Required work.
With pictures left out, output exactly the lines of the listing below from the line that has "Purple colour heavy" to the line that has "2. Since we", both lines kept.

Exercise inputs.

◇ ◇ ◇ ◇ ◇

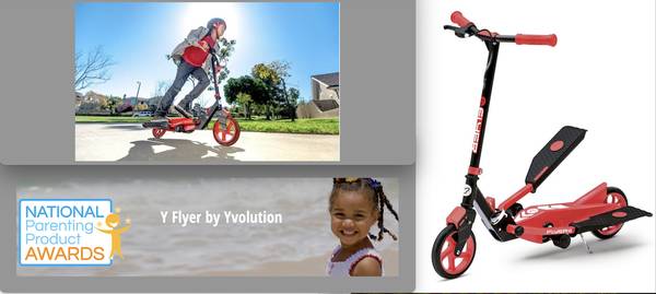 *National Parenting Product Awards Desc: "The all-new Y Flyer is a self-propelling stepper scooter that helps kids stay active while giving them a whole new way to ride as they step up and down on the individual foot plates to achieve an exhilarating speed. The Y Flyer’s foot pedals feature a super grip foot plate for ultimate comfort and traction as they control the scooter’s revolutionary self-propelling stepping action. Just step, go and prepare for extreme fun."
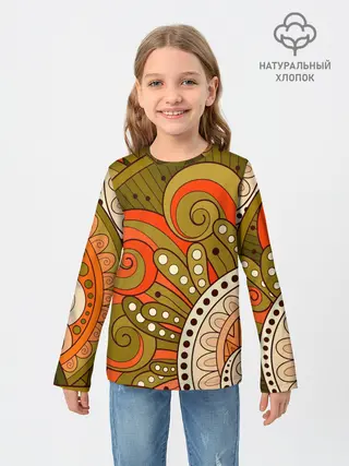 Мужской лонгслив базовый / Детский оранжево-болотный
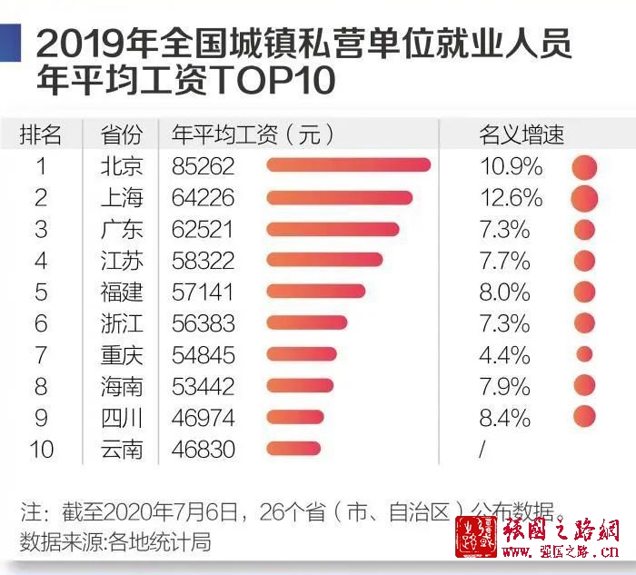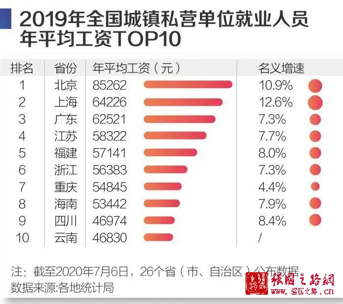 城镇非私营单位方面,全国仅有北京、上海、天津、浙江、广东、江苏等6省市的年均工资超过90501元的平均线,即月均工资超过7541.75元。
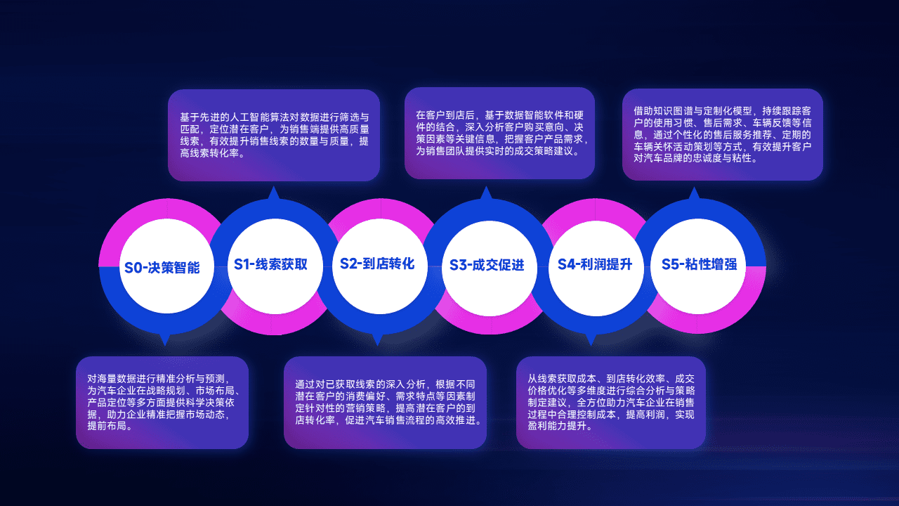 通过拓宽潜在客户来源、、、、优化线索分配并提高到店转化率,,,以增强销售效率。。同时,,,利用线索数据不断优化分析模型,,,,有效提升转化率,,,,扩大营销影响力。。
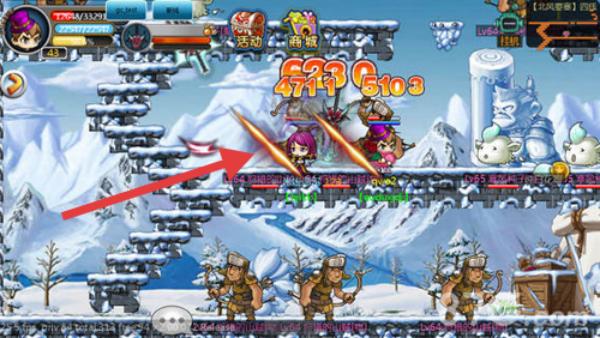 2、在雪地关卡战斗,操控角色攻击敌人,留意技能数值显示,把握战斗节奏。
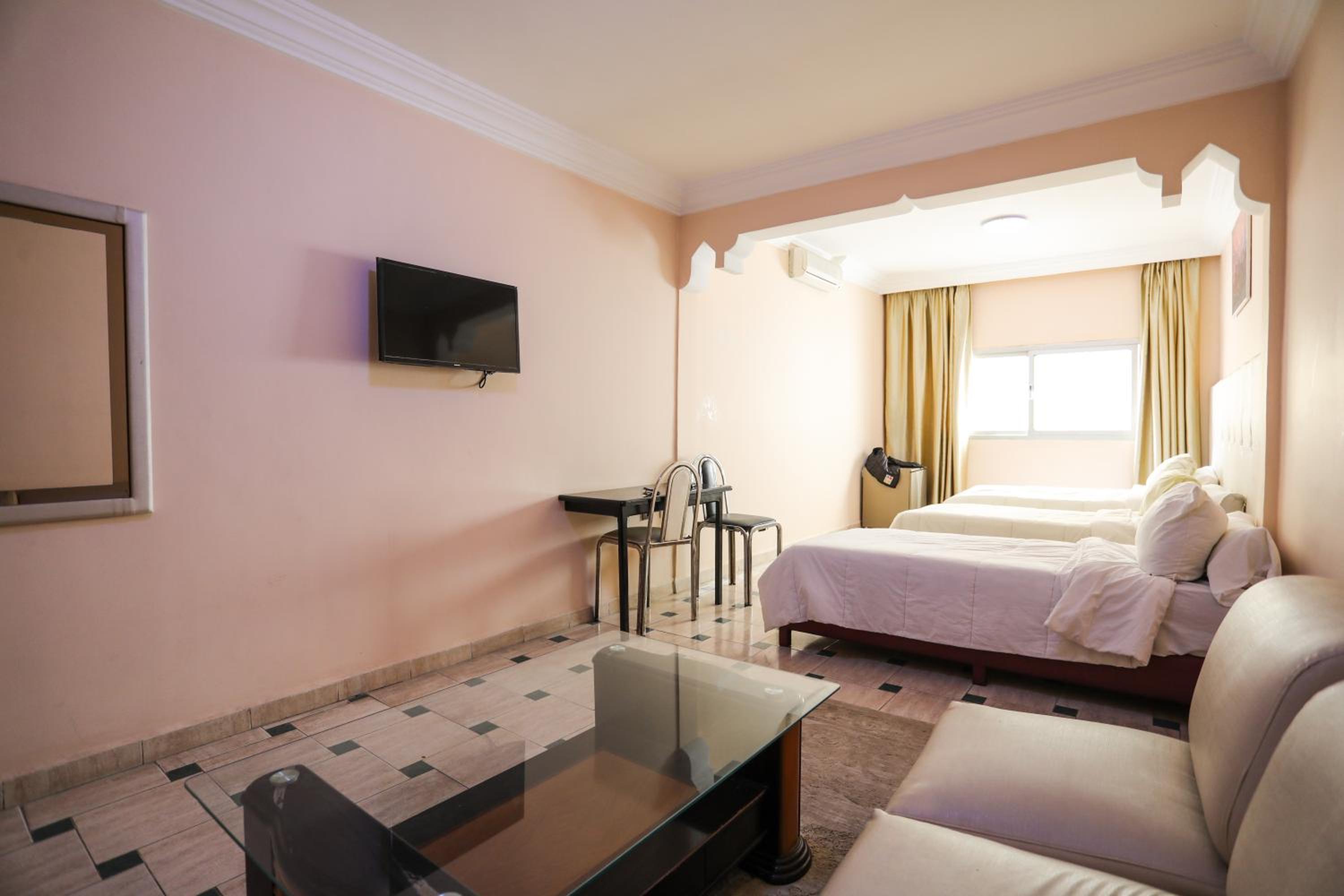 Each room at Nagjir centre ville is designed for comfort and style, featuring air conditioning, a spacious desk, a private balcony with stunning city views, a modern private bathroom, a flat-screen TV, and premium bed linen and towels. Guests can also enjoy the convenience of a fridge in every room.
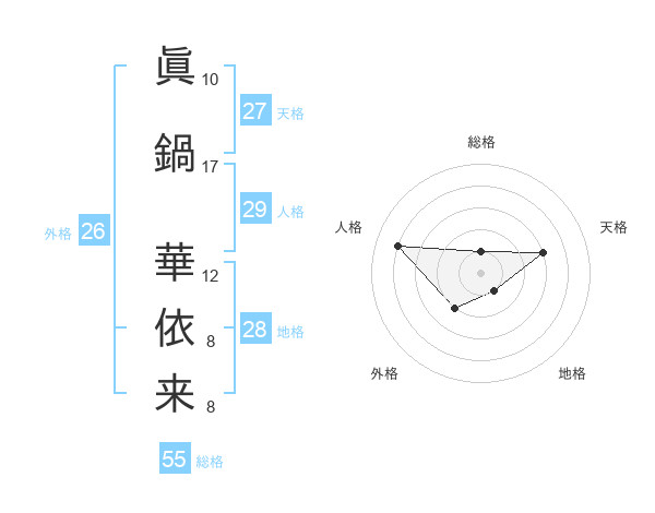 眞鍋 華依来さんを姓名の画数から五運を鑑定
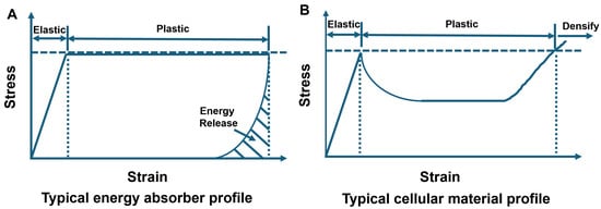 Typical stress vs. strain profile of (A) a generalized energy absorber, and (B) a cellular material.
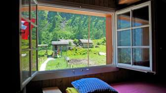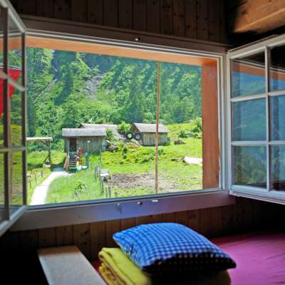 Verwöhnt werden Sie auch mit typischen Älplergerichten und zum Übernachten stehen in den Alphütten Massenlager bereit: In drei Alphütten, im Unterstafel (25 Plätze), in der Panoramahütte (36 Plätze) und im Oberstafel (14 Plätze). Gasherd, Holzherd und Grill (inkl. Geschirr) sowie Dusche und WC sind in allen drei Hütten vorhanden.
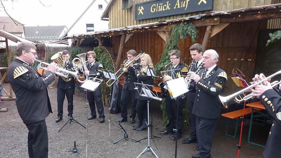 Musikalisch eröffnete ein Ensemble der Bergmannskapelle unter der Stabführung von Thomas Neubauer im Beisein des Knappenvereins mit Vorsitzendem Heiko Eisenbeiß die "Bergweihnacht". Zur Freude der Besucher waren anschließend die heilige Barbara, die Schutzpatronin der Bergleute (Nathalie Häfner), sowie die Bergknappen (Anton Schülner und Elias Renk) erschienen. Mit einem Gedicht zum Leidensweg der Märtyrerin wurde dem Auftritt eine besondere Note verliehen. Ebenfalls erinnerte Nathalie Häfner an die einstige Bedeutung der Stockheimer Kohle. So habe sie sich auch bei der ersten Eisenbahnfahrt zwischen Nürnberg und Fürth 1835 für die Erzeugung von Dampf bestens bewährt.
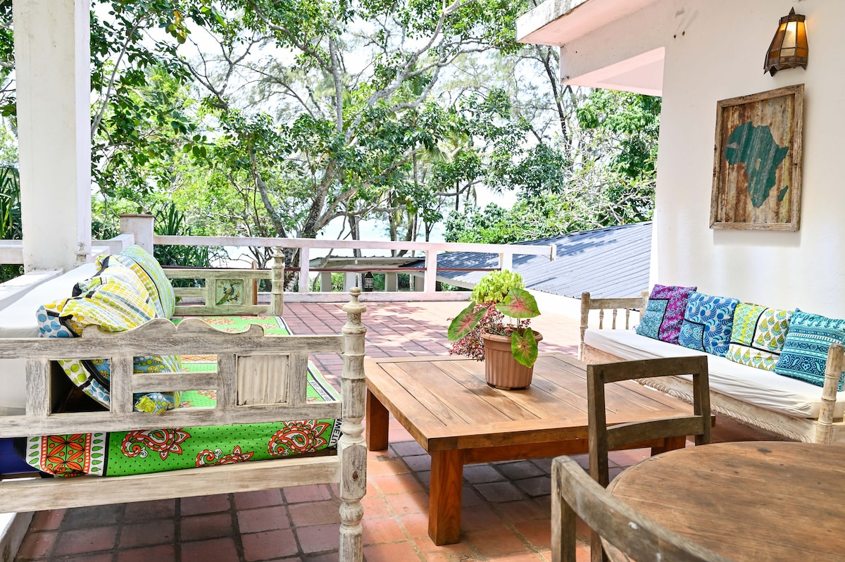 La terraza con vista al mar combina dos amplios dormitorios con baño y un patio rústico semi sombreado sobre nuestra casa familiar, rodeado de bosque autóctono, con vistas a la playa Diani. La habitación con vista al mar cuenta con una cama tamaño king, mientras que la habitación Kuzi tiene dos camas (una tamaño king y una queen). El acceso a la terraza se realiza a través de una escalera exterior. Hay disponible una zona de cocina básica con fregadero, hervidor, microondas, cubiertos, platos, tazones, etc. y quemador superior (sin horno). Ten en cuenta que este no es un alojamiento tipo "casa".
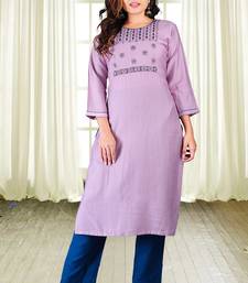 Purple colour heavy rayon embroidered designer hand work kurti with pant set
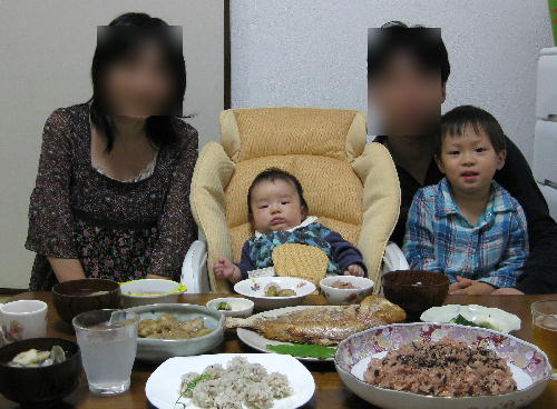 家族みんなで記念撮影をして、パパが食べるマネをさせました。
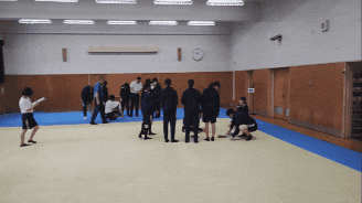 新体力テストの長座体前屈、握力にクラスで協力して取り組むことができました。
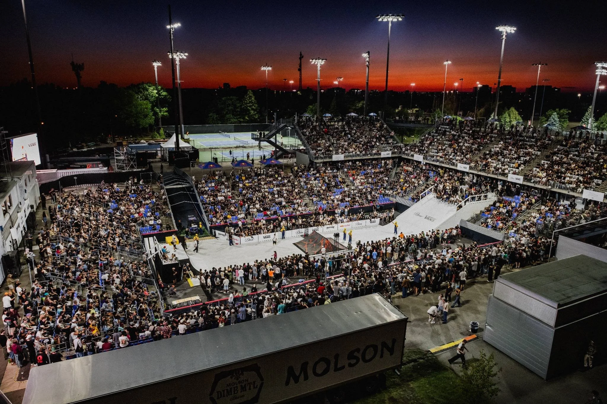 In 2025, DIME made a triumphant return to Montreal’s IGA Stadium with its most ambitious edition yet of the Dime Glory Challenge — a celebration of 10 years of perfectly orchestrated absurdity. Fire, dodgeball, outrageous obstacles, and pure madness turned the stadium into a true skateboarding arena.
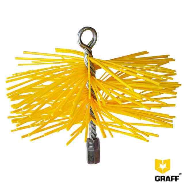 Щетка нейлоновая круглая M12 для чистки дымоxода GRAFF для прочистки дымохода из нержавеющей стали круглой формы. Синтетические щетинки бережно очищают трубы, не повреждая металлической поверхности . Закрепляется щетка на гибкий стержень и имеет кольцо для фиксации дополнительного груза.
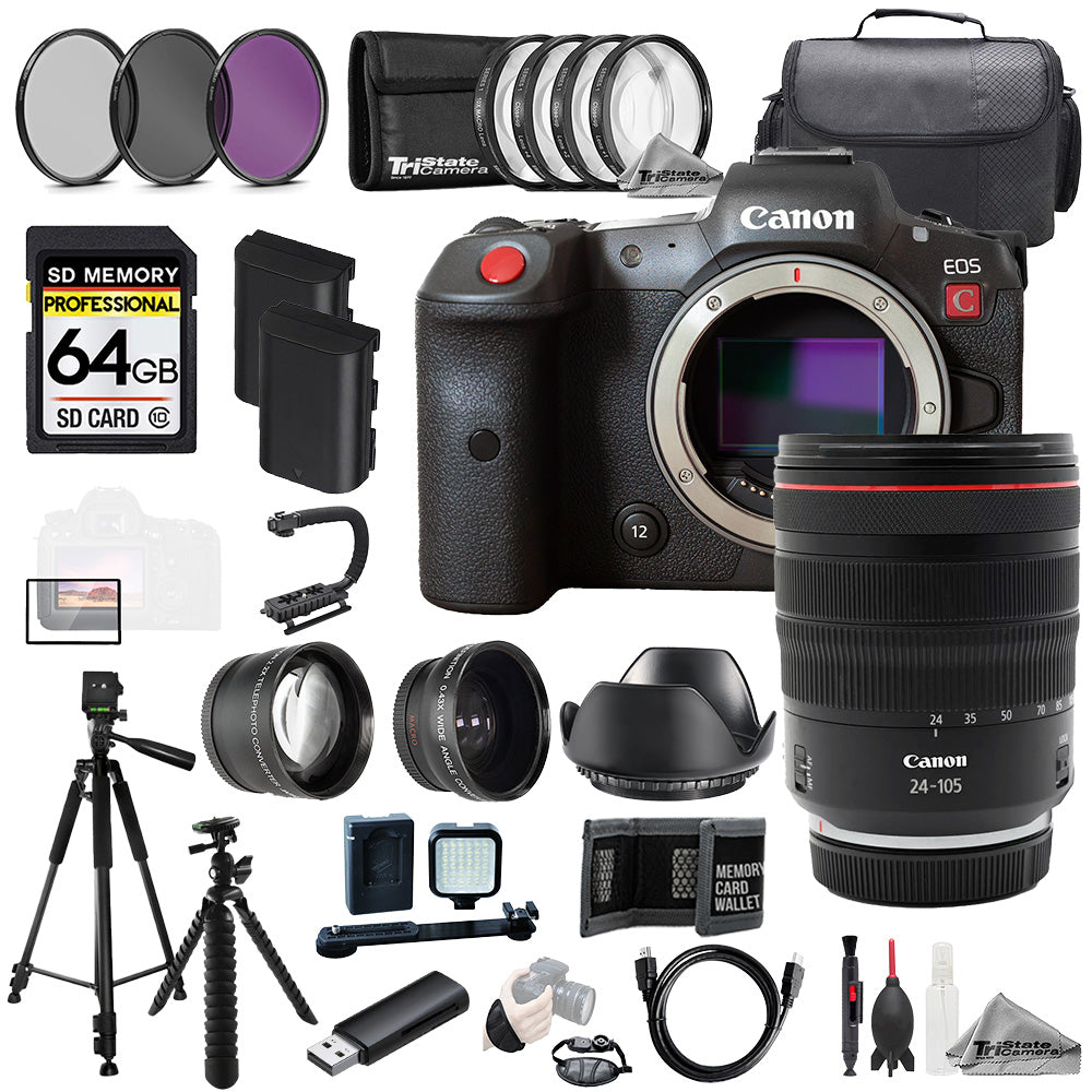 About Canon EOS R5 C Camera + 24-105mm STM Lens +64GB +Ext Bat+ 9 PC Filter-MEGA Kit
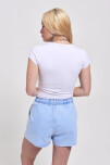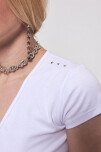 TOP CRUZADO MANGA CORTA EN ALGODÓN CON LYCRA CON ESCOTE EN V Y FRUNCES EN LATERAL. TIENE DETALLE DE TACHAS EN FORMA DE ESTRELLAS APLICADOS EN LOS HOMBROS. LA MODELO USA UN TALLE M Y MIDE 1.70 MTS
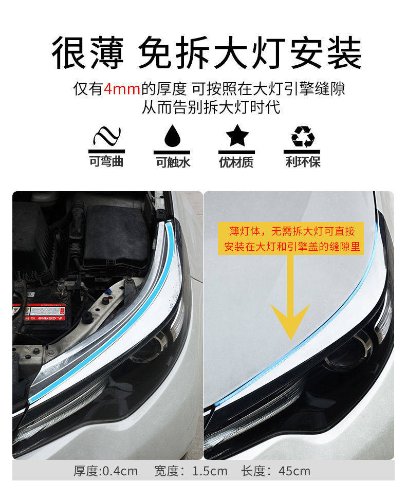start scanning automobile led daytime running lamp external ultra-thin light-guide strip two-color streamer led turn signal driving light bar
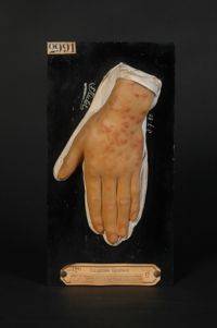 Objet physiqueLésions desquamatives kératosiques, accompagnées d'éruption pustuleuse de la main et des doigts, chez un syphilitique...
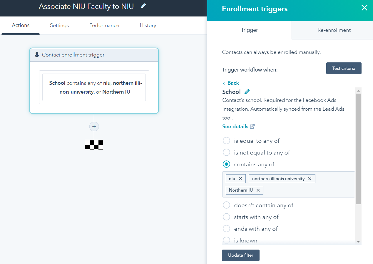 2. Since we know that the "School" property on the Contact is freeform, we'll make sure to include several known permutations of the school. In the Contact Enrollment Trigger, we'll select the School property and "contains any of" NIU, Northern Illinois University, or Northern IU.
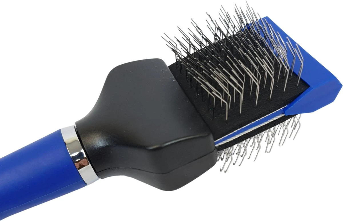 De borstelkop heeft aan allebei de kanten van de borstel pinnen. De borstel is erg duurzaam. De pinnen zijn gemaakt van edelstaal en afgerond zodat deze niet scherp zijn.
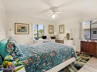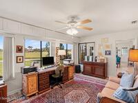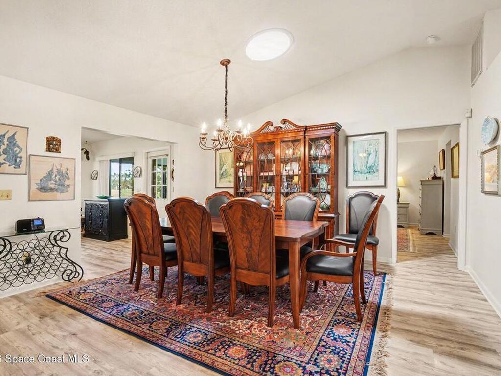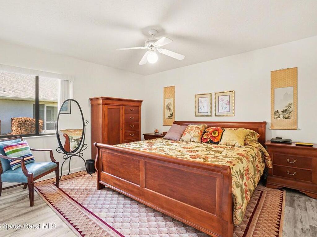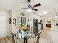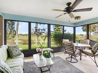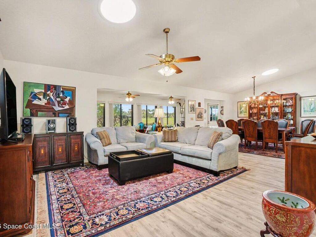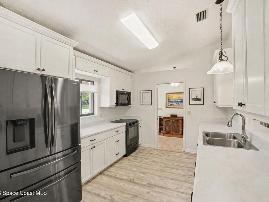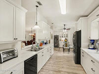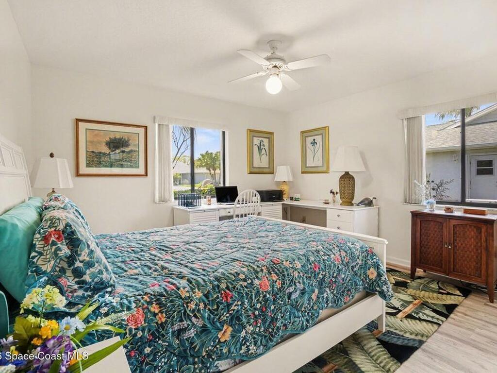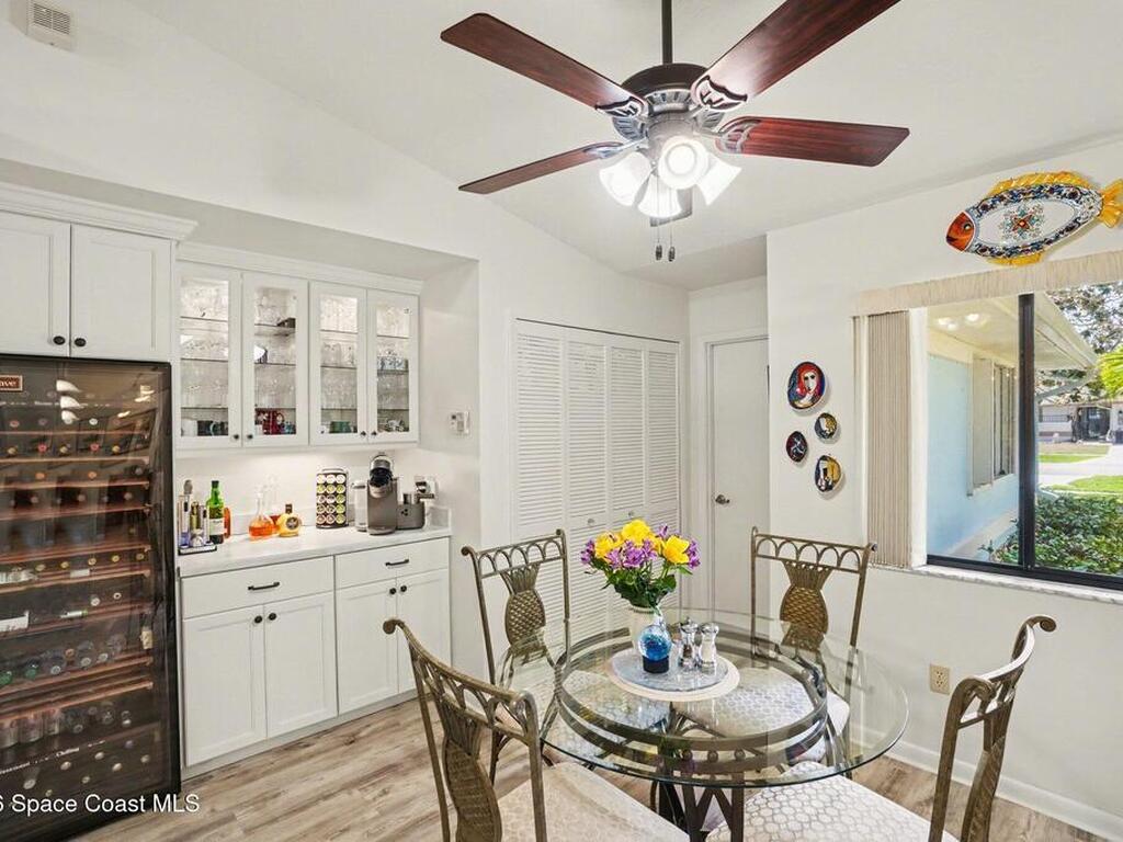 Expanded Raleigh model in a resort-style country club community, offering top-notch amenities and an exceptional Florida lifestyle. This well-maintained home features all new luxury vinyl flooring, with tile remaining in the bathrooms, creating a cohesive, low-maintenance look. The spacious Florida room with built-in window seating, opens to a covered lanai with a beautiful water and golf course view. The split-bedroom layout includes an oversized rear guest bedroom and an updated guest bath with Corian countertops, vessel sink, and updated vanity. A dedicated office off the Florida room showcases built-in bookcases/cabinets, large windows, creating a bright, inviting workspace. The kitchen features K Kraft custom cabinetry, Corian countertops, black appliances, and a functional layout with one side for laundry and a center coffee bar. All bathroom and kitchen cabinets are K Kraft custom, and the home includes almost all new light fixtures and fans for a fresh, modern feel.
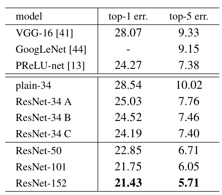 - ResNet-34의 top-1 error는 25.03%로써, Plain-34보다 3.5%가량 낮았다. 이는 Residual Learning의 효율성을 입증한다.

◇ ◇ ◇ ◇ ◇

Answer to this problem.
 Purple colour heavy rayon embroidered designer hand work kurti with pant set
 家族みんなで記念撮影をして、パパが食べるマネをさせました。
 新体力テストの長座体前屈、握力にクラスで協力して取り組むことができました。
 In 2025, DIME made a triumphant return to Montreal’s IGA Stadium with its most ambitious edition yet of the Dime Glory Challenge — a celebration of 10 years of perfectly orchestrated absurdity. Fire, dodgeball, outrageous obstacles, and pure madness turned the stadium into a true skateboarding arena.
 Щетка нейлоновая круглая M12 для чистки дымоxода GRAFF для прочистки дымохода из нержавеющей стали круглой формы. Синтетические щетинки бережно очищают трубы, не повреждая металлической поверхности . Закрепляется щетка на гибкий стержень и имеет кольцо для фиксации дополнительного груза.
 About Canon EOS R5 C Camera + 24-105mm STM Lens +64GB +Ext Bat+ 9 PC Filter-MEGA Kit
 TOP CRUZADO MANGA CORTA EN ALGODÓN CON LYCRA CON ESCOTE EN V Y FRUNCES EN LATERAL. TIENE DETALLE DE TACHAS EN FORMA DE ESTRELLAS APLICADOS EN LOS HOMBROS. LA MODELO USA UN TALLE M Y MIDE 1.70 MTS
start scanning automobile led daytime running lamp external ultra-thin light-guide strip two-color streamer led turn signal driving light bar
 Objet physiqueLésions desquamatives kératosiques, accompagnées d'éruption pustuleuse de la main et des doigts, chez un syphilitique...
 2. Since we know that the "School" property on the Contact is freeform, we'll make sure to include several known permutations of the school. In the Contact Enrollment Trigger, we'll select the School property and "contains any of" NIU, Northern Illinois University, or Northern IU.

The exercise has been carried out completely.